Yes, that's objectively better. At least you have a choice to buy less frequently, or in smaller quantities. I was raised during the communism, where you did have a lot of cash, and the goods were cheap (because government was deciding both salaries and prices), but they were simply never in stock. It took a lot of time, effort and sometimes actual bribes to buy anything. That's what you get when you try to artificially limit prices.
Your anecdote is not an immutable truth but a memory of an intentional political act and training.
Very different early education can make a huge difference. But when you start out decades ago with a bunch of inept adults making an angry mess of their country, you get as you describe.
Stop living in your memory as if it’s physical law and not the result of shit leadership.
"Unless there's some bread cartel/oligopoly, a bread seller can't just increase prices"
They can. Where else are you going to go? Due to lockdown the excess supply capacity that allows everybody in aggregate to leave supplier A and go to supplier B isn't there. Supplier B can't supply everybody and people don't want to or can't go without. Therefore Supplier A will sell their output at whatever price they decide.

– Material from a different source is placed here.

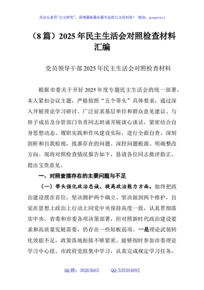 / (8篇)2025年民主生活会对照检查材料汇编

For competition to work the turnover curve on the price/sales volume graph has to be leptokurtic. It isn't at present. Price can be pushed way up before volume is affected.
If the government dumps a shitload of cash on everyone and the demand for bread goes way up overnight then the bread seller would 100% raise his prices out of sync with the cost of wheat. The bread seller is either charitable or dumb if he doesn’t sell for whatever people are willing to pay.
So the US government dumped a shit load of cash on everyone and that’s why prices in the U.S. went up.
Which doesn’t explain why other countries, where the government didn’t dump a shitload of cash, are seeing even higher price increases than the U.S.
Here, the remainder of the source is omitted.